Pyrotechnic devices and lasers have returned to the Olentangy River this week as part of a continued effort to drive geese from the area, spurred by the success of similar approaches used last year. Credit: Eric Weitz / Lantern reporter

Pyrotechnic devices and lasers have returned to the Olentangy River this week as part of a continued effort to drive geese from the area, spurred by the success of similar approaches used last year. Credit: Eric Weitz / Lantern reporter

Pyrotechnic devices and lasers have returned to the Olentangy River this week as part of a continued effort to drive geese from the area, spurred by the success of similar approaches used last year.

George Zonders, a spokesman for the Columbus Department of Public Utilities, said that after having success last year with the goose-related damage management techniques, the City of Columbus and the United States Department of Agriculture are continuing their efforts to prevent the geese from eating vegetation planted as part of the Olentangy River Restoration Project.

“When we did the restoration work last year, we got a lot of good growing time in due to the previous efforts by the USDA team,” Zonders said. “This is mainly a pre-emptive effort again to get through the nesting and mating periods of the geese to keep them from settling.”

“There was some good momentum last year,” he said of plant growth in the area between Fifth and Lane avenues. “We want to keep that momentum and give the growth more time to get established.”

The City of Columbus and the USDA Wildlife Services conducted similar efforts last year, using pyrotechnic devices and lasers in addition to other measures to drive geese from the area.
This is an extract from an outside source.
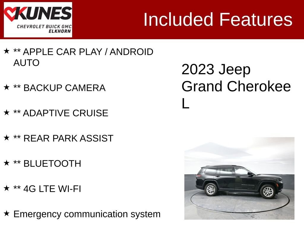 2023 Jeep Grand Cherokee L Laredo Diamond Black Crystal Pearlcoat 4WD 3.6L V6 24V VVTRecent Arrival! CARFAX One Owner. Diamond Black Crystal Pearlcoat exterior Adaptive cruise control Blind spot monitor Rear parking aid with backup camera 3.6L V6 engine with 8-speed automatic transmission Automatic full-time four-wheel drive Heated mirrors Lane departure warning and lane keep assist Front collision mitigation Driver adjustable lumbar, power driver seat Multi-zone climate control and rear air conditioning Aluminum wheels Keyless entry and push-button start Bluetooth connection and smart device integration WiFi hotspot capability Rear defrost and privacy glass Adjustable steering wheel and bucket seats Child safety locks and advanced airbag system 6-speaker AM/FM audio system with auxiliary input USB power outlets and steering wheel audio controls 7-passenger seating with 3rd row seat Telematics and trip computer

“The pyrotechnics and the lasers are all designed to do the same thing, to startle them and to keep them from settling in any one particular place, not to injure (them),” Zonders said. “You are basically trying to startle them to get them to move somewhere else. In the middle of the river is fine, as long as they are not settling down and eating the new growth that we are trying to encourage this spring.”

Last year, efforts to remove the geese from the area were scheduled to run from March to December or until the “vegetation matured,” according to an OSU press release.

Zonders said the pyrotechnics and lasers will be less frequent this year and on an “occasional and as-needed basis,” adding that the city’s contract with USDA expires at the end of July, but could be discontinued earlier if the team determines that the deterrent practices are no longer needed.

Clintonville resident Kayla Newkirk walks along the Olentangy Trail from her home north of campus every day. She said that she has never seen USDA officials near the river or heard the explosions but has noticed the warning signs and the smaller number of geese in the targeted area.

“Toward Clintonville, I see a lot of them,” she said. “There are a lot more geese north of campus, but down here, I don’t see them as often.”

Newkirk said that when she sees geese south of the Lane Avenue, they are often in the water and not in the vegetation near the trail.

Administration and Planning spokeswoman Nicole Holman said in an email while the university “is not financially involved in the efforts to deter the geese,” it did contribute $2 million to the $6.9 million Olentangy River Restoration Project, which is part of the One University Framework Plan.

In August 2012, the Olentangy River renovation began with the partial removal of the Fifth Avenue Dam. About one-third of the structure was removed completely, while along the remaining length of the dam, the top two feet of concrete were removed and the rest was covered with soil.

The One University Framework Plan is a long-term university initiative that the Board of Trustees approved in June 2010. It is used to guide OSU’s project decision making, according to the Facilities Operations and Development (FOD) website.

The river restoration project will “benefit our campus environmentally, aesthetically and academically, yielding a living-learning laboratory where teaching and research can and will thrive,” Holman said.